Машина с майором умчалась в объезд поля догонять колонну. Лейтенант, в сердцах выругавшись крепким солдатским словцом, подошёл к шофёру.
– Конечно, хоть и пленный, но не скотина же, понятное дело, всё одно человек. И живьём закопать грех большой, – закуривая, говорил шофёр.
– Ну вот, ты ещё чего мне на нервы капаешь? Лучше скажи, что мне делать. Я боевой офицер. Я ж не могу вот так, – лейтенант в сердцах бросил папиросу.
– Я что скажу. Ты, лейтенант, это, оставь их.
– Где? Здесь? Ты что? Как я их оставлю! На дороге среди леса? А выживут… Чтобы меня потом того?
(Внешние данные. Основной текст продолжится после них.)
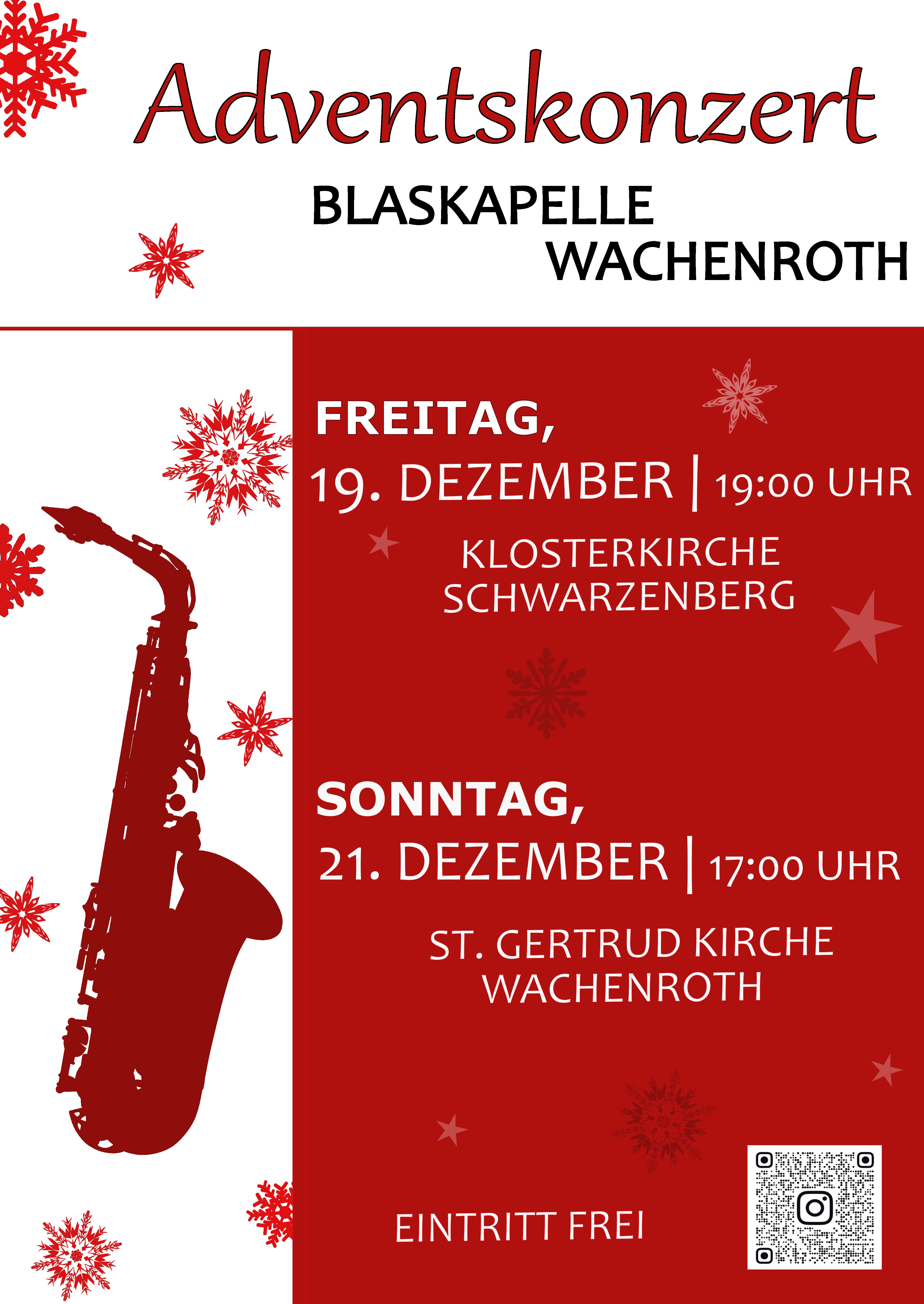 Die Konzerte finden am 19. 12. 25 um 19:00 Uhr in der Klosterkirche in Schwarzenberg und am 21. 12. 25 um 17:00 Uhr in der heimischen St.-Gertrud-Kirche in Wachenroth statt.

– Так они не жильцы. Верь мне. Хана им.
– Всё равно… ну не могу я так!
– Тогда знаешь что? Я посмотрел, в кузове уже померло несколько человек, пока мы собирались. Ты этих, сверху померших, положи, а нам всё равно крюк делать. Там чуть дальше рыбсовхоз был раньше. Оставь их там. И документы будут в порядке, и грех на душу не возьмёшь.
– А если они выживут?
– Так начальство там есть какое-никакое. Разберутся. Это уж дело десятое.
Жители небольшого рыбацкого посёлка и предполагать не могли, что вдруг в их посёлке, в несколько десятков километров от порта Посьет, окажутся трое японских военнопленных.
Случилось. Как-то у крыльца поселкового совета остановилась машина, в кузове которого лежали трое японцев. Из кабины вышел молоденький лейтенант и подошёл к удивлённому председателю.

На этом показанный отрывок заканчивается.